We describe some alternatives for arithmetic in GF(2^16) for use at different stages in FFTs and in the formal derivative. We've currently construct GF(2^16) directly using 128k LOG and EXP tables, which we inherited from the GF(2^8) case.

Aside from the field implementation, we've three more large tables, skew factors used in the FFT, the B table used in preparing and finishing the formal derivative, and the Walsh transform table used in preparing the error locator polynomial. We inherited all three additional tables being stored in log form for faster arithmetic, so all three change if we change the field representation.

We only compute the error locator polynomial once per reconstruction, which makes it much less important. We therefore explore how representing the other two tables interacts with the multiplication.

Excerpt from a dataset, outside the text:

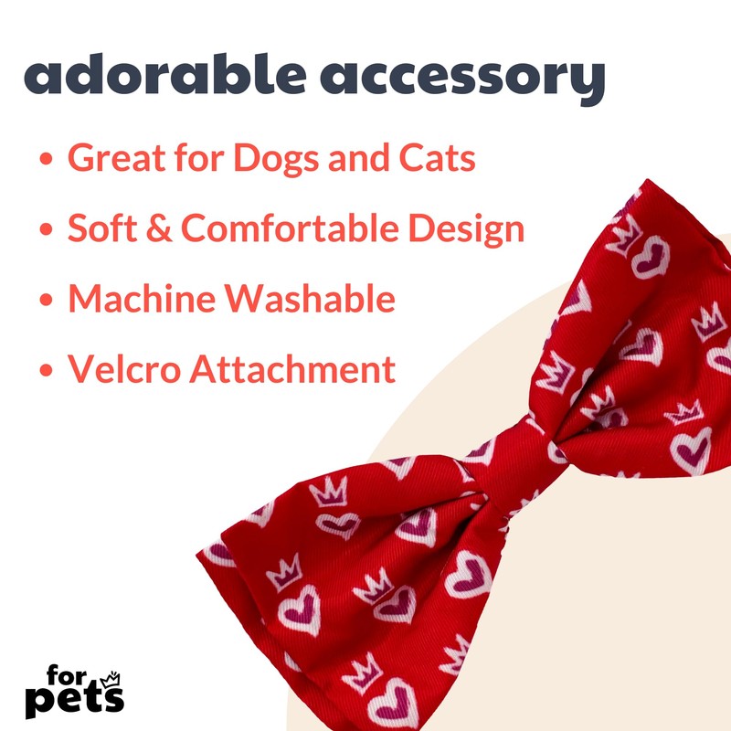 Huxley & Kent Pet Bow Tie for Dogs & Cats - Valentine's Day Adjustable Hook & Loop Collar Accessory - Cute & Comfortable for Holidays & Celebrations - King & Queen of Hearts, Small

As an aside, there exist PCMUL designs ala #1 that do GF(2^2)[X] multiplicaitons and then reduce. We've anecdotal reports these fair poorly compared with other approached, and our one experiment fared poorly, but we never tried to squeeze two field elements into the 64 bit width perhaps. We expect these still prove suboptimal compared with other approaches since the three additional tables can be represented in log form.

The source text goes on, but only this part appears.